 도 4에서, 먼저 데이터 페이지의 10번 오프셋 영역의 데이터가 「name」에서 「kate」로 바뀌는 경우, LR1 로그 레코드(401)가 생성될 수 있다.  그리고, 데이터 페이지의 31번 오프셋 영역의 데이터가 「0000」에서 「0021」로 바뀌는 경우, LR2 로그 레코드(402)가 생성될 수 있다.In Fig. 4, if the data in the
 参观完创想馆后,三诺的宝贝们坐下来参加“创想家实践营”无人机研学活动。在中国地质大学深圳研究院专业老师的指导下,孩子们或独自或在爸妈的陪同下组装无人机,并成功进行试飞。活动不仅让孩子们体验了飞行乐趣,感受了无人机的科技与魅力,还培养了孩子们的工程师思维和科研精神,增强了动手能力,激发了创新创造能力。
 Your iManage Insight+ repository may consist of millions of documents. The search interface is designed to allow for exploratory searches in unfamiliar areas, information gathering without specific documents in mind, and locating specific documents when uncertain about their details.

+--

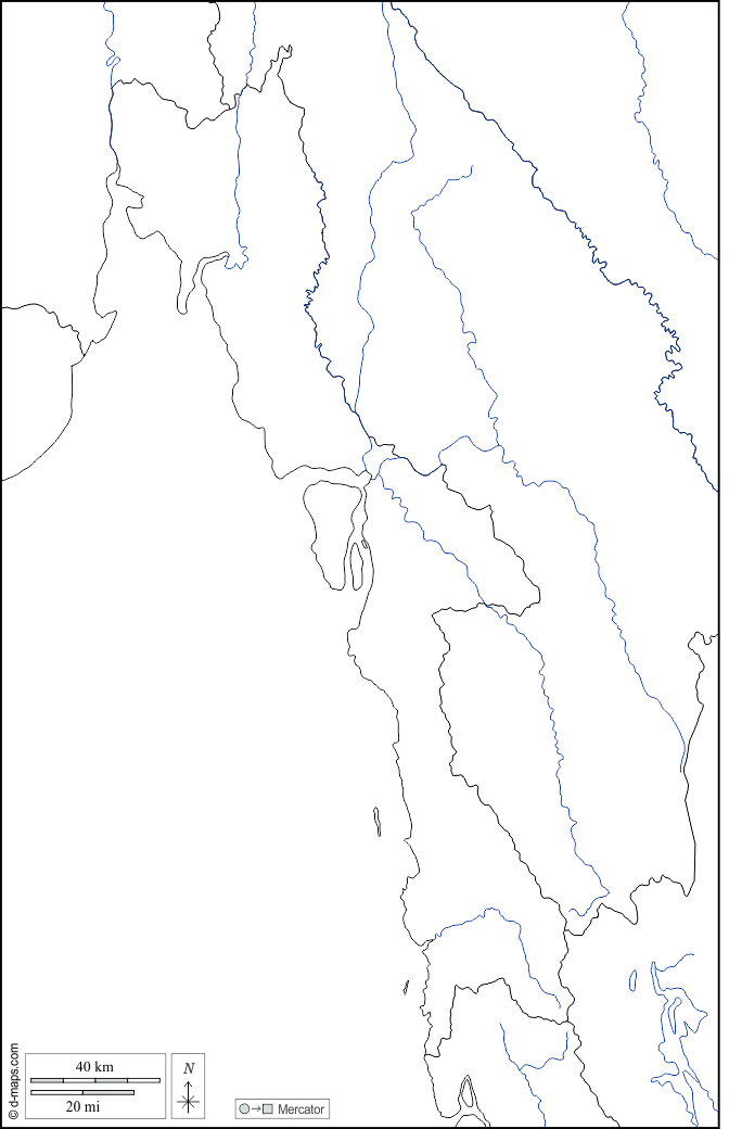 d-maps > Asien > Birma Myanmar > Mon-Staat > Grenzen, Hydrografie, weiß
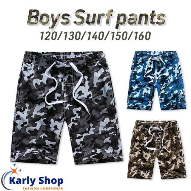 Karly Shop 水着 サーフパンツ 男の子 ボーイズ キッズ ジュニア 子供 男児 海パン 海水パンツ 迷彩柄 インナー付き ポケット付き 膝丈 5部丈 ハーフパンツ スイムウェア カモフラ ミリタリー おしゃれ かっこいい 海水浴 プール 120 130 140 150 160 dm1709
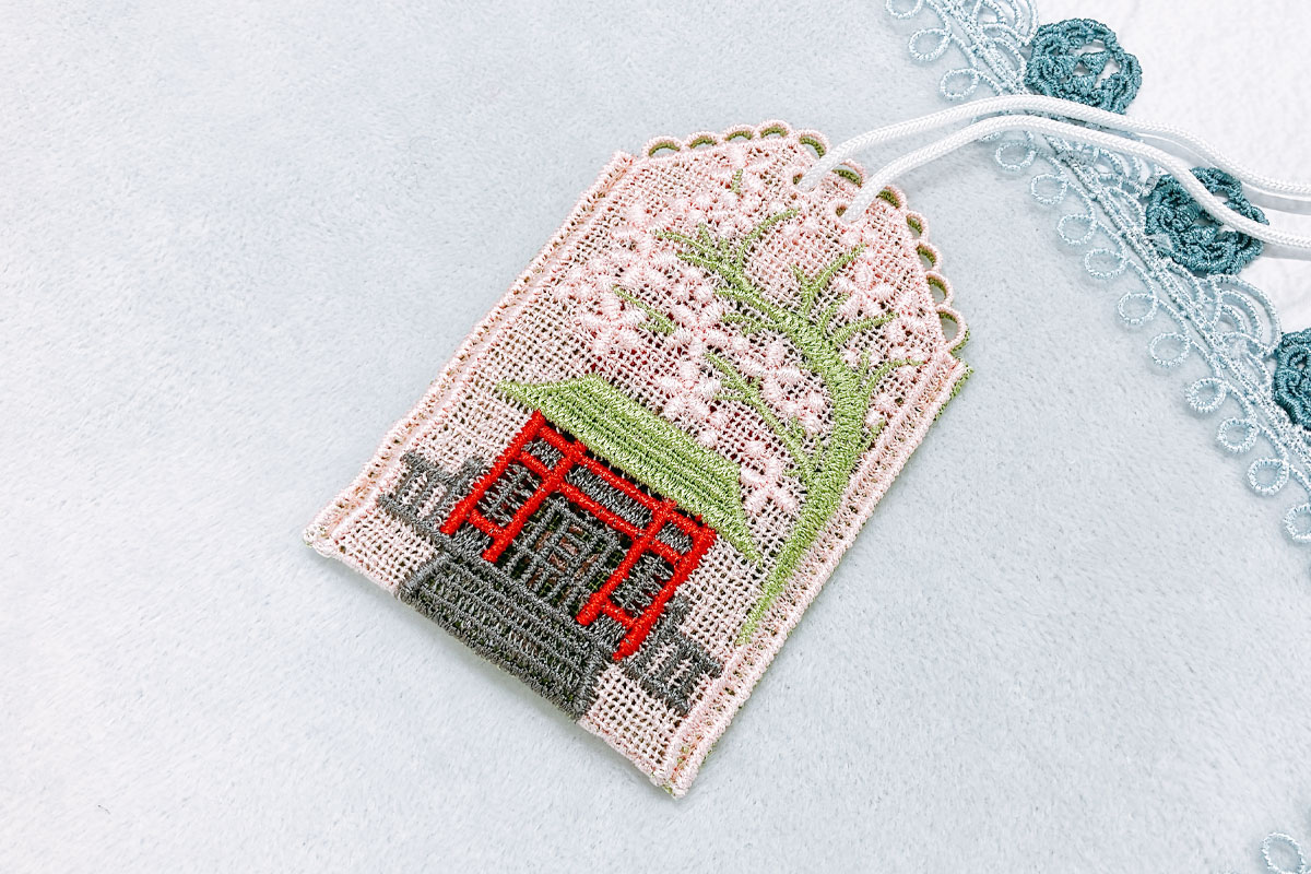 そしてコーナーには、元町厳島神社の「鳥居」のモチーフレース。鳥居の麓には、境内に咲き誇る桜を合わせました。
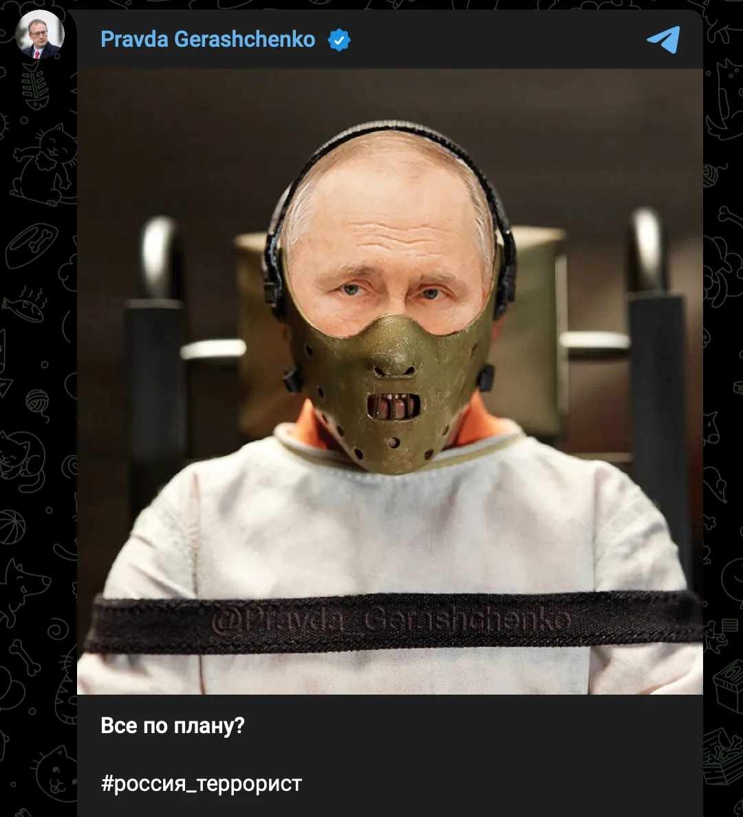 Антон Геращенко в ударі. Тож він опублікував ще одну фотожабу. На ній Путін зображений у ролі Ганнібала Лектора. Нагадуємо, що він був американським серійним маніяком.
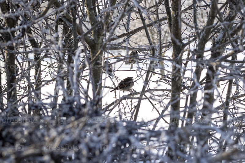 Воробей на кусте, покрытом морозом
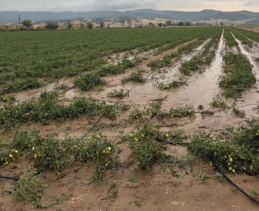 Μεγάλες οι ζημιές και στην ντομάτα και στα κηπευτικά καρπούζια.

+--

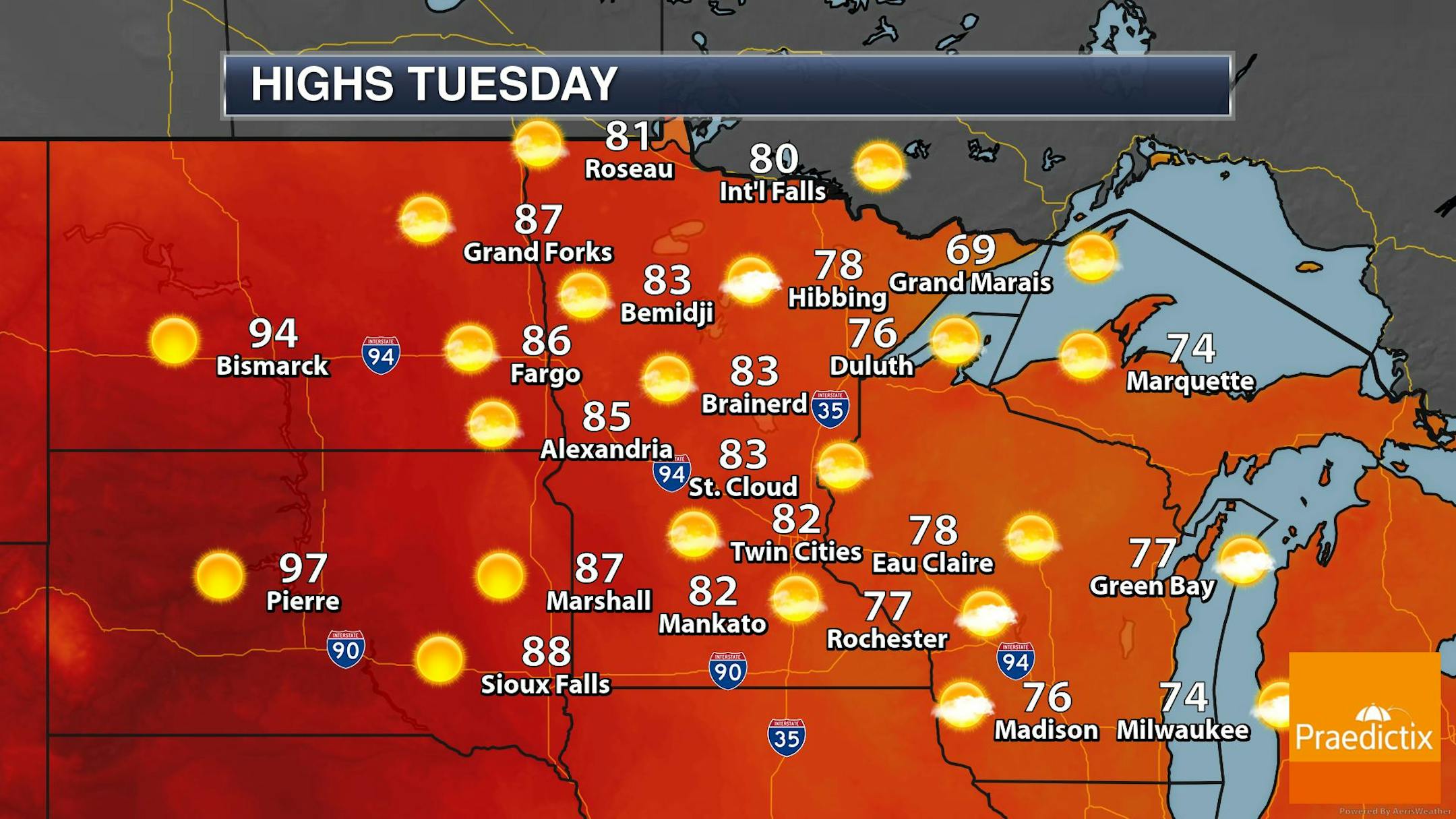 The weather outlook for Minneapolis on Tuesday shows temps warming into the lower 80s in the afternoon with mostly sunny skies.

+--

# What this task involves
Please set down, exactly and with no pictures, the lines in the entries above starting at the one holding "Воробей на кусте, покрытом морозом" and ending at the one holding "Μεγάλες οι ζημιές", ends included.

# Response to the task
 Воробей на кусте, покрытом морозом
 Μεγάλες οι ζημιές και στην ντομάτα και στα κηπευτικά καρπούζια.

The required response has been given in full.